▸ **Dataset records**
········
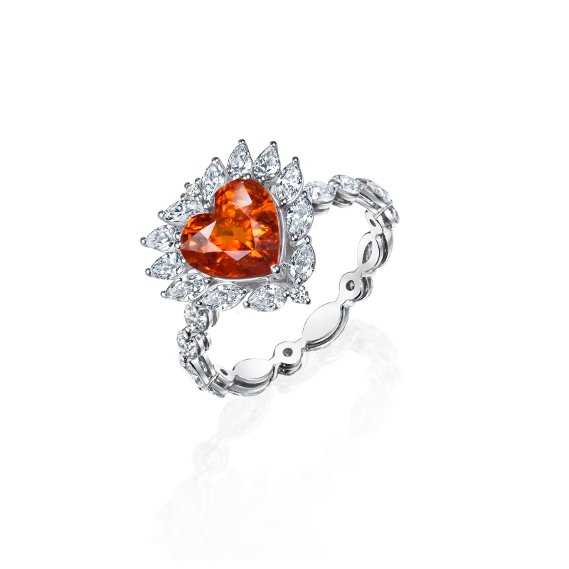 Garnet Spessartin cut heart. Pear-cut, marquise and round-cut diamonds.
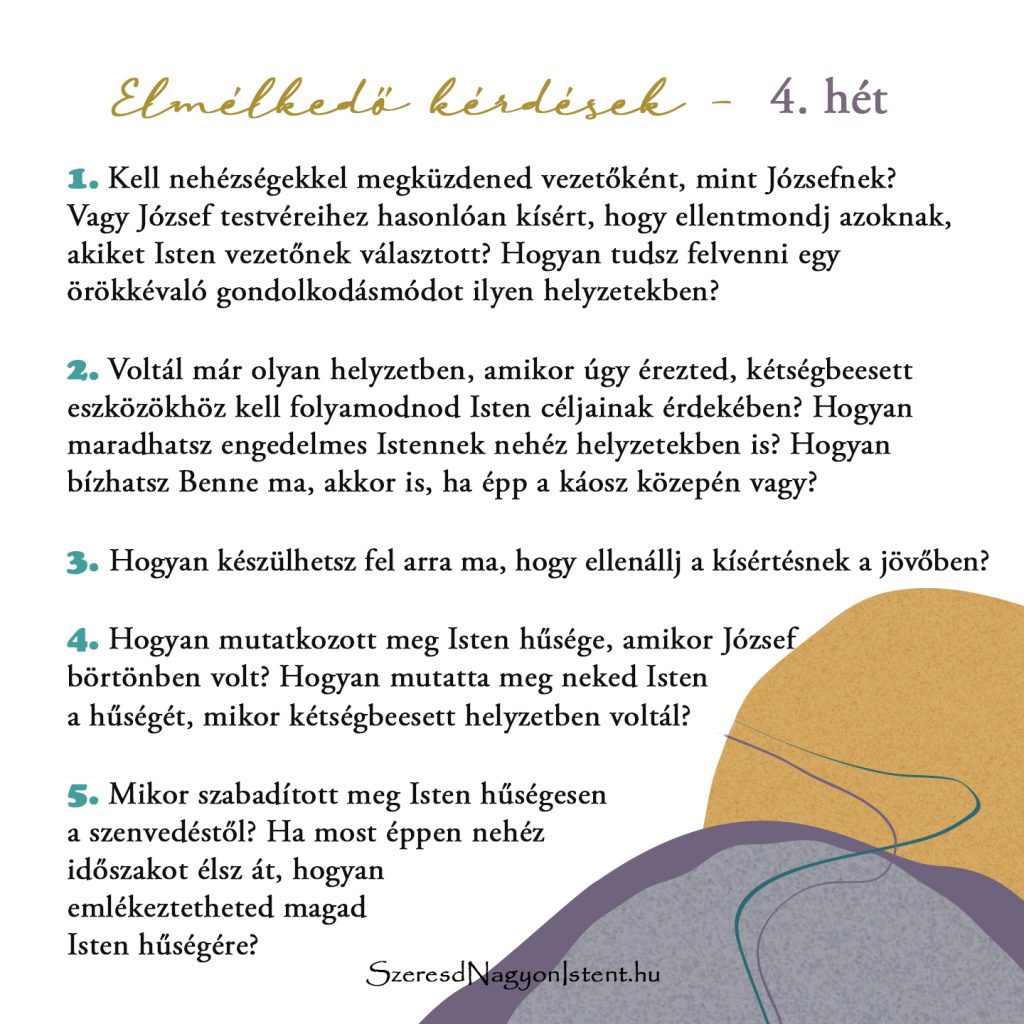 4. heti kihívás: Isten engedte, hogy József sokat szenvedjen azért, hogy az Ő isteni célja beteljesüljön. Miközben olvasod, jegyezd fel József szenvedéseit. Miután végére értél az eheti igerészeknek, vedd sorba még egyszer a szenvedések pillanatait, és gondold át, hogy Isten hogyan fordította jóra azokat. Elhiszed, hogy Isten a te életedben is tud így munkálkodni? Hogyan […]
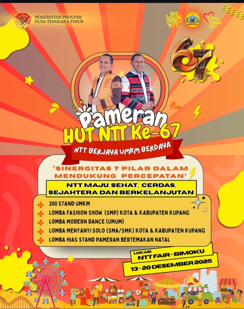 Pameran yang bertajuk “NTT Berjaya, UMKM Berdaya” ini akan berlangsung selama delapan hari, mulai 13 hingga 20 Desember 2025, sebagai bagian dari rangkaian peringatan HUT ke-67 Provinsi NTT.
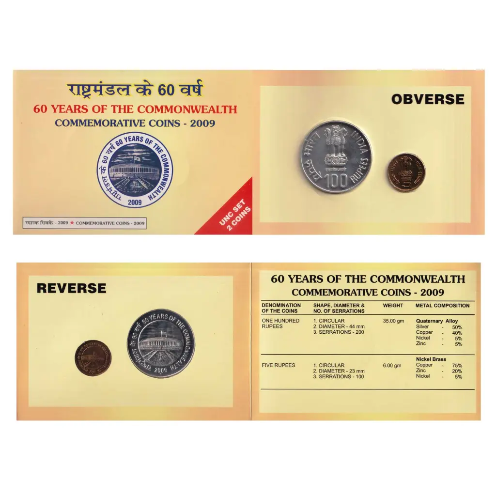 60 YEARS OF THE COMMONWEALTH – 2009 MUMBAI MINT RARE 2 COINS ((UNC SET))
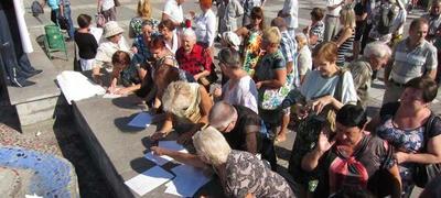 19 сентября на площади Советской перед зданием горсовета Алушты прошел митинг протеста против троекратного повышения тарифов на обслуживание жилого фонда.
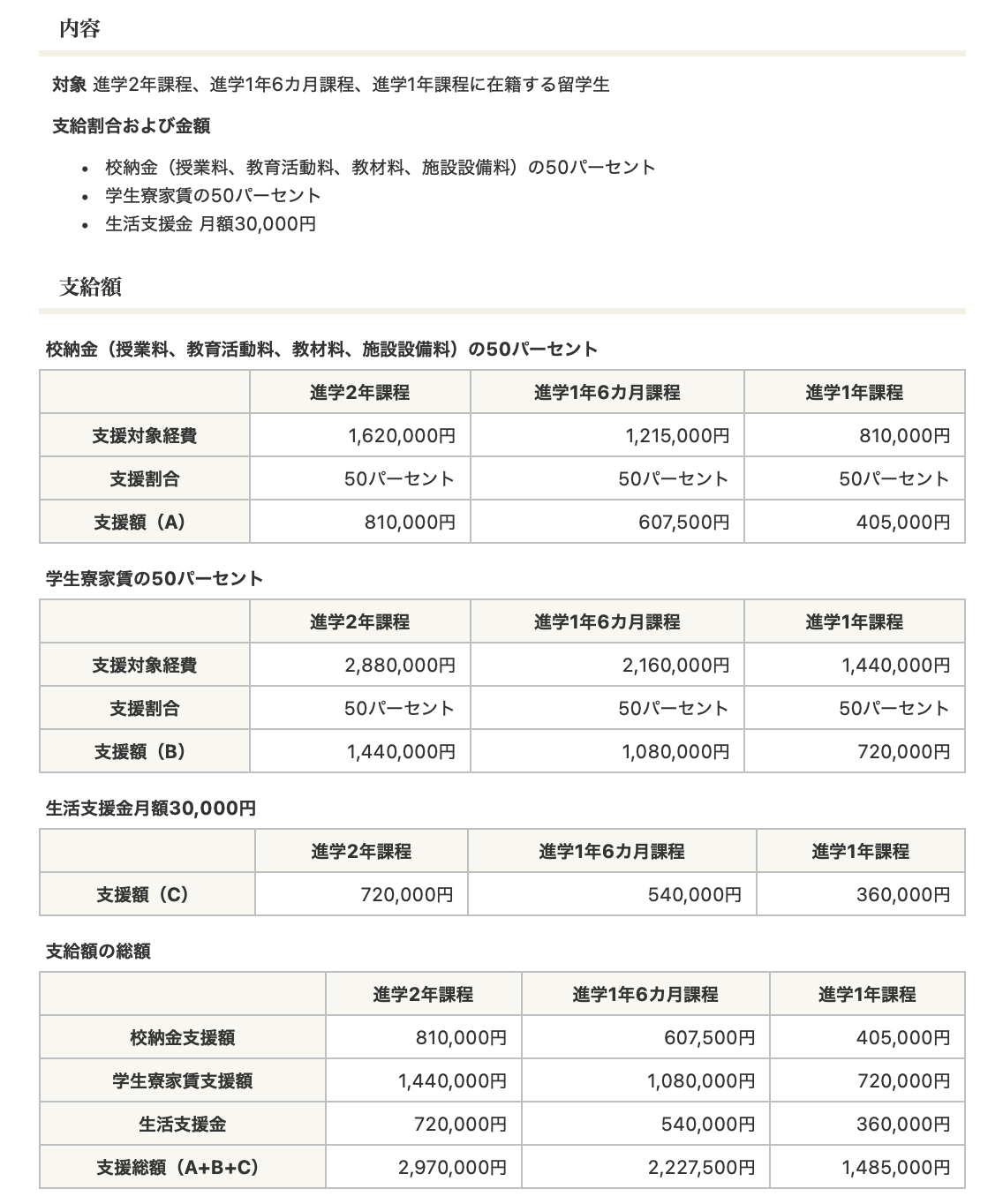 大崎市によると、日本語学校の進学2年課程、進学1年6カ月課程、進学1年課程に在籍する留学生に対し、それぞれ授業料や教材費などを含む校納金の50%、学生寮家賃の50%、さらに月額3万円の生活支援金を支給しており、その支援額は進学1年課程で約150万円、進学2年課程で297万円に上るとのことです。
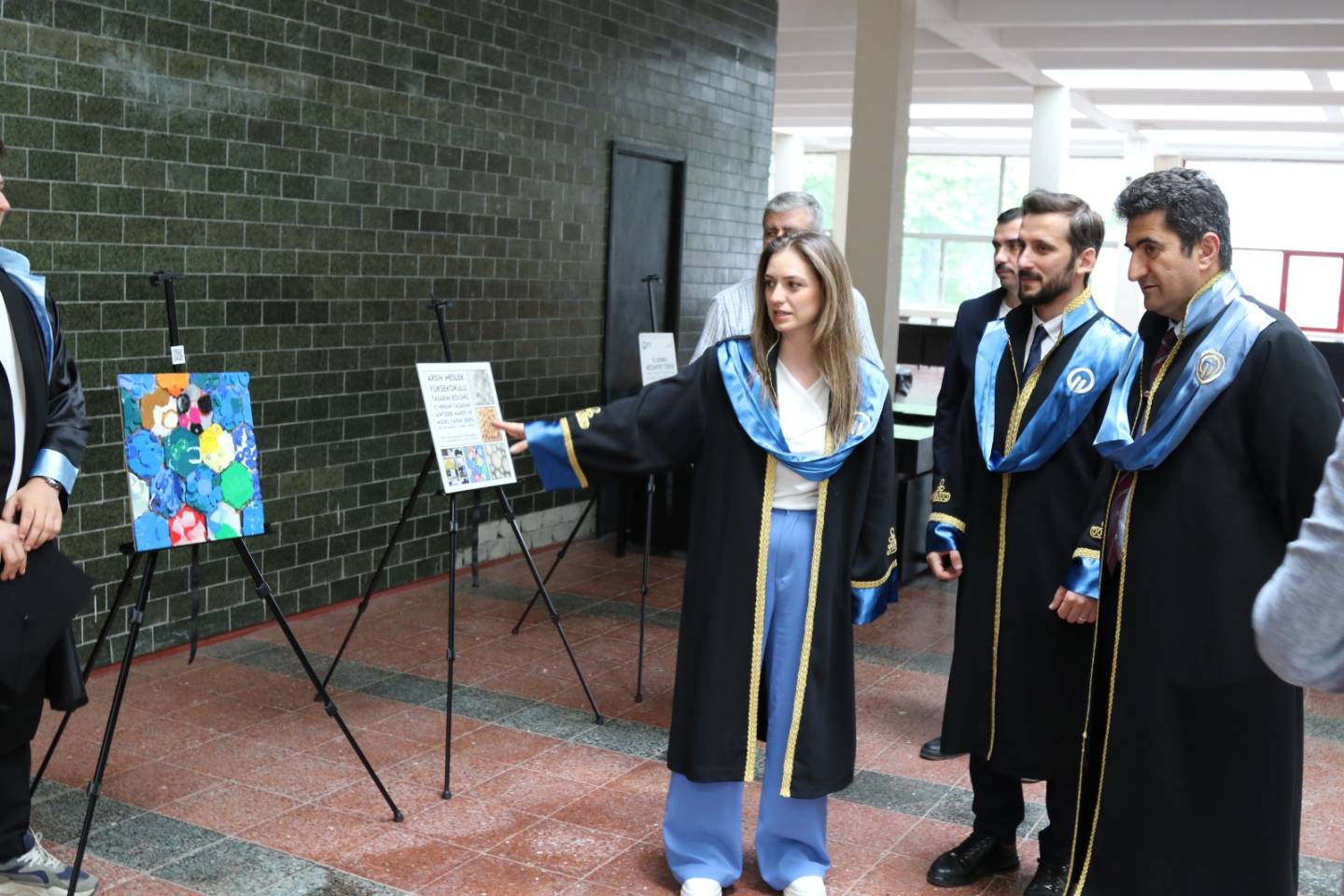 Sıfır Atık hassasiyeti bağlamında, İç Mekan Tasarımı Programımız AIMT2008 Maket ve Model Yapımı dersi kapsamında Dr. Öğr. Üyesi Zeynep SADIKLAR yürütücülüğünde hazırlanan ve atık malzemelerden üretilen duvar panoları, Üniversitemiz Atatürk Kültür Merkezi fuayesinde 17 Haziran 2025 tarihinde sergilendi. Sergiyi, Rektör yardımcımız Prof. Dr. Ömer Faruk URSAVAŞ ve Müdürümüz Doç. Dr. Hasan ÖZTÜRK birlikte ziyaret ederek, ürünleri hazırlayan öğrencilerden bilgi aldılar.
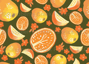 Handpainted gouache full oranges, orange slices, and orange wedges on an olive green color background.
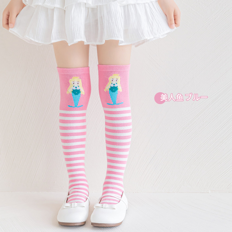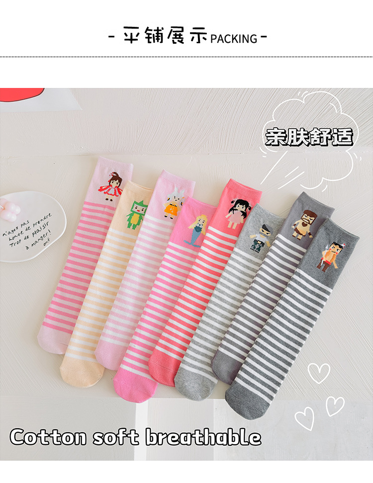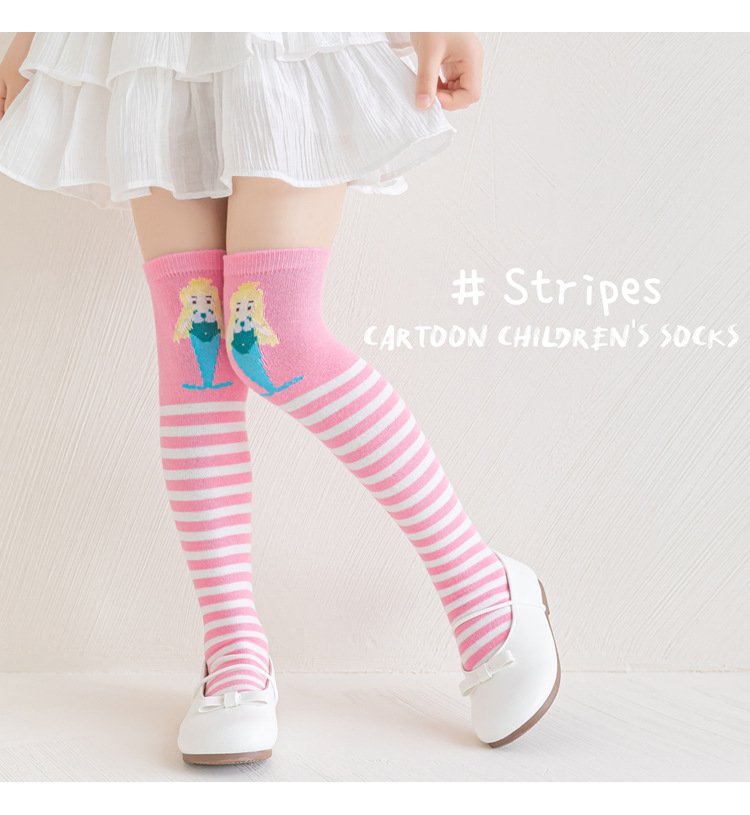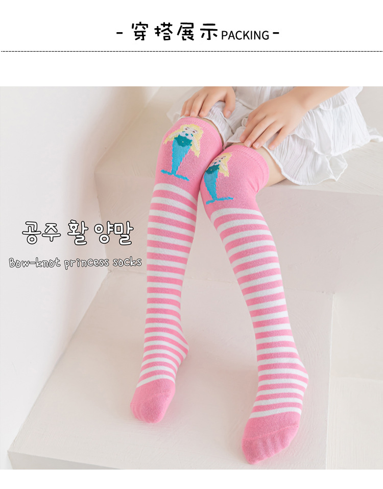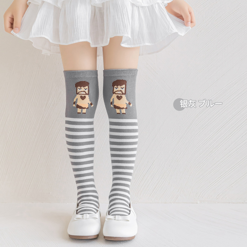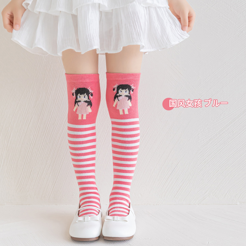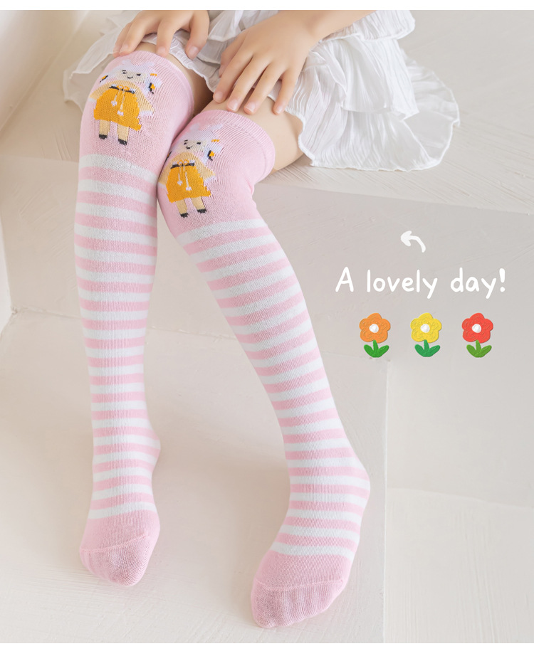 2024 가을, 겨울 어린이 스타킹 만화 아기 중간 스타킹 만화 줄무늬면 양말 무릎 위 양말 Zhuji Factory
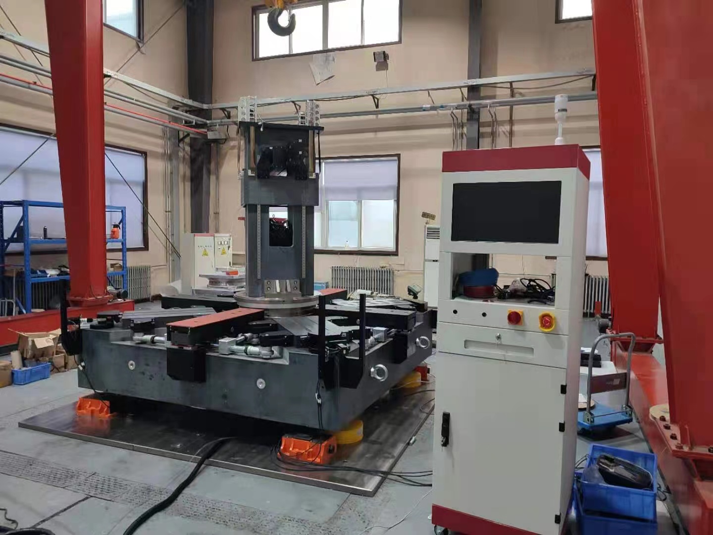 沈陽自動化所智能檢測與裝備研究室IDE團(tuán)隊提出的高負(fù)載大可變量程的大型圓柱度測量新方法采用具有精密、隔震等特性的氣浮驅(qū)動技術(shù),配合精密耦件,通過測前快速自適應(yīng)偏置調(diào)整技術(shù)實現(xiàn)工件測前自動定心,采用精密測頭回轉(zhuǎn)的方式快速獲取有效測量信息。在測量原理方面,提出了更完善的圓柱度測量模型及誤差分離算法,測前定心與實際測量采用分立的運動控制系統(tǒng),既解決了大型工件的載荷問題,又能夠通過模型參數(shù)擬合的方式實現(xiàn)偏心、測量線偏置、被測圓柱軸傾斜等誤差的精準(zhǔn)分離;測量系統(tǒng)采用對稱式雙測頭測量方案,綜合了非接觸式位移傳感器安全、柔性的特點與接觸式位移傳感器精密、可靠的特性。本方法的提出突破了傳統(tǒng)測量方法在大型圓柱度測量過程中的局限性,實現(xiàn)了大型回轉(zhuǎn)類零件圓柱度測前自適應(yīng)偏置調(diào)整和現(xiàn)場快速精密測量。
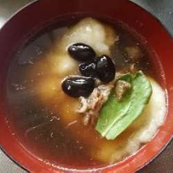 我が家のお雑煮です。丸餅に、あわせ味噌(のはずがなぜか写真ははすまし)具はシンプルにお肉と黒豆。香川県ではあんころ餅らしいですね。みなさんのお雑煮はどんなかんじですか?さて、4月から姫さま中学3年生... ひとりで楽しも。 2018/01/04 21:52
········
▸ **Problem to work on**
Send back every line above exactly, skipping all pictures.

▸ **Reply to the task**
 Garnet Spessartin cut heart. Pear-cut, marquise and round-cut diamonds.
 4. heti kihívás: Isten engedte, hogy József sokat szenvedjen azért, hogy az Ő isteni célja beteljesüljön. Miközben olvasod, jegyezd fel József szenvedéseit. Miután végére értél az eheti igerészeknek, vedd sorba még egyszer a szenvedések pillanatait, és gondold át, hogy Isten hogyan fordította jóra azokat. Elhiszed, hogy Isten a te életedben is tud így munkálkodni? Hogyan […]
 Pameran yang bertajuk “NTT Berjaya, UMKM Berdaya” ini akan berlangsung selama delapan hari, mulai 13 hingga 20 Desember 2025, sebagai bagian dari rangkaian peringatan HUT ke-67 Provinsi NTT.
 60 YEARS OF THE COMMONWEALTH – 2009 MUMBAI MINT RARE 2 COINS ((UNC SET))
 19 сентября на площади Советской перед зданием горсовета Алушты прошел митинг протеста против троекратного повышения тарифов на обслуживание жилого фонда.
 大崎市によると、日本語学校の進学2年課程、進学1年6カ月課程、進学1年課程に在籍する留学生に対し、それぞれ授業料や教材費などを含む校納金の50%、学生寮家賃の50%、さらに月額3万円の生活支援金を支給しており、その支援額は進学1年課程で約150万円、進学2年課程で297万円に上るとのことです。
 Sıfır Atık hassasiyeti bağlamında, İç Mekan Tasarımı Programımız AIMT2008 Maket ve Model Yapımı dersi kapsamında Dr. Öğr. Üyesi Zeynep SADIKLAR yürütücülüğünde hazırlanan ve atık malzemelerden üretilen duvar panoları, Üniversitemiz Atatürk Kültür Merkezi fuayesinde 17 Haziran 2025 tarihinde sergilendi. Sergiyi, Rektör yardımcımız Prof. Dr. Ömer Faruk URSAVAŞ ve Müdürümüz Doç. Dr. Hasan ÖZTÜRK birlikte ziyaret ederek, ürünleri hazırlayan öğrencilerden bilgi aldılar.
 Handpainted gouache full oranges, orange slices, and orange wedges on an olive green color background.
 2024 가을, 겨울 어린이 스타킹 만화 아기 중간 스타킹 만화 줄무늬면 양말 무릎 위 양말 Zhuji Factory
 沈陽自動化所智能檢測與裝備研究室IDE團(tuán)隊提出的高負(fù)載大可變量程的大型圓柱度測量新方法采用具有精密、隔震等特性的氣浮驅(qū)動技術(shù),配合精密耦件,通過測前快速自適應(yīng)偏置調(diào)整技術(shù)實現(xiàn)工件測前自動定心,采用精密測頭回轉(zhuǎn)的方式快速獲取有效測量信息。在測量原理方面,提出了更完善的圓柱度測量模型及誤差分離算法,測前定心與實際測量采用分立的運動控制系統(tǒng),既解決了大型工件的載荷問題,又能夠通過模型參數(shù)擬合的方式實現(xiàn)偏心、測量線偏置、被測圓柱軸傾斜等誤差的精準(zhǔn)分離;測量系統(tǒng)采用對稱式雙測頭測量方案,綜合了非接觸式位移傳感器安全、柔性的特點與接觸式位移傳感器精密、可靠的特性。本方法的提出突破了傳統(tǒng)測量方法在大型圓柱度測量過程中的局限性,實現(xiàn)了大型回轉(zhuǎn)類零件圓柱度測前自適應(yīng)偏置調(diào)整和現(xiàn)場快速精密測量。
 我が家のお雑煮です。丸餅に、あわせ味噌(のはずがなぜか写真ははすまし)具はシンプルにお肉と黒豆。香川県ではあんころ餅らしいですね。みなさんのお雑煮はどんなかんじですか?さて、4月から姫さま中学3年生... ひとりで楽しも。 2018/01/04 21:52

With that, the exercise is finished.